PLoS Pathogens (Oct 2014)

CD4 depletion in SIV-infected macaques results in macrophage and microglia infection with rapid turnover of infected cells.

  • Luca Micci,
  • Xavier Alvarez,
  • Robin I Iriele,
  • Alexandra M Ortiz,
  • Emily S Ryan,
  • Colleen S McGary,
  • Claire Deleage,
  • Brigitte B McAtee,
  • Tianyu He,
  • Cristian Apetrei,
  • Kirk Easley,
  • Savita Pahwa,
  • Ronald G Collman,
  • Cynthia A Derdeyn,
  • Miles P Davenport,
  • Jacob D Estes,
  • Guido Silvestri,
  • Andrew A Lackner,
  • Mirko Paiardini

DOI
https://doi.org/10.1371/journal.ppat.1004467
Journal volume & issue
Vol. 10, no. 10
p. e1004467

Abstract

Read online

In rhesus macaques (RMs), experimental depletion of CD4+ T-cells prior to SIV infection results in higher viremia and emergence of CD4-independent SIV-envelopes. In this study we used the rhesus recombinant anti-CD4 antibody CD4R1 to deplete RM CD4+ T-cells prior to SIVmac251 infection and investigate the sources of the increased viral burden and the lifespan of productively infected cells.

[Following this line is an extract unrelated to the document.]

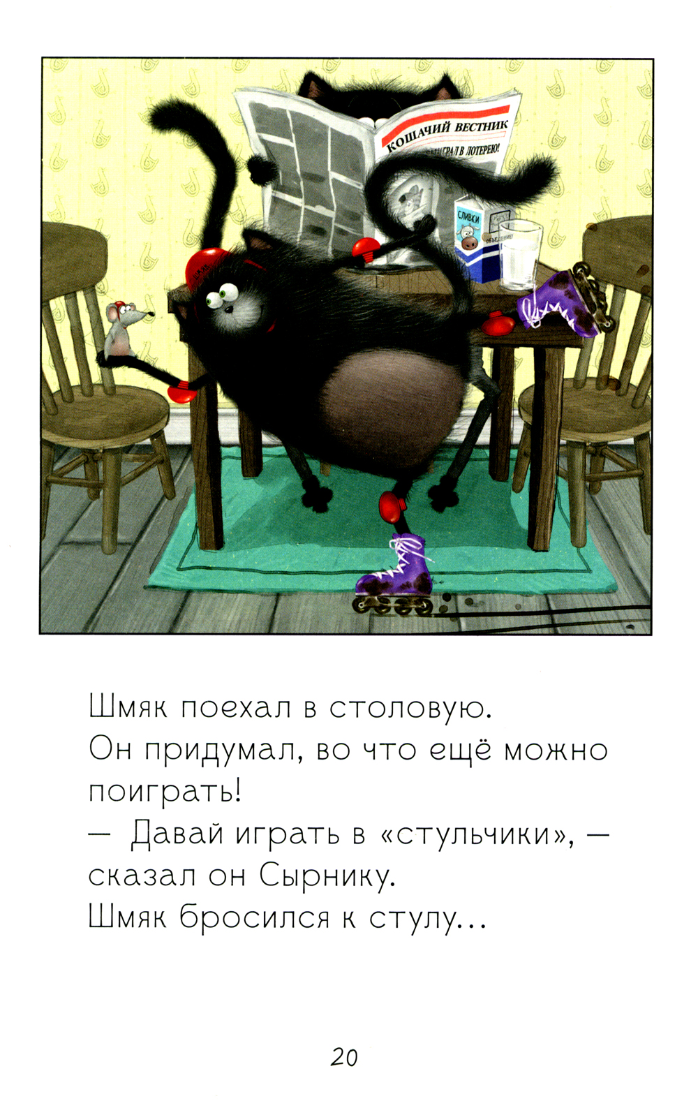 Что делать, если у тебя новые ролики, а на улице, как назло, зарядил дождь? Конечно, устроить гоночную трассу в гостиной! Что из этого вышло - читайте в книге о приключениях котёнка Шмяка и его друга Сырника.| Издательство | Клевер-Медиа-Групп |

CD4-depleted animals showed (i) set-point viral load two-logs higher than controls; (ii) macrophages constituting 80% of all SIV vRNA+ cells in lymph node and mucosal tissues; (iii) substantial expansion of pro-inflammatory monocytes; (iv) aberrant activation and infection of microglial cells; and (v) lifespan of productively infected cells significantly longer in comparison to controls, but markedly shorter than previously estimated for macrophages. The net effect of CD4+ T-cell depletion is an inability to control SIV replication and a shift in the tropism of infected cells to macrophages, microglia, and, potentially, other CD4-low cells which all appear to have a shortened in vivo lifespan. We believe these findings have important implications for HIV eradication studies.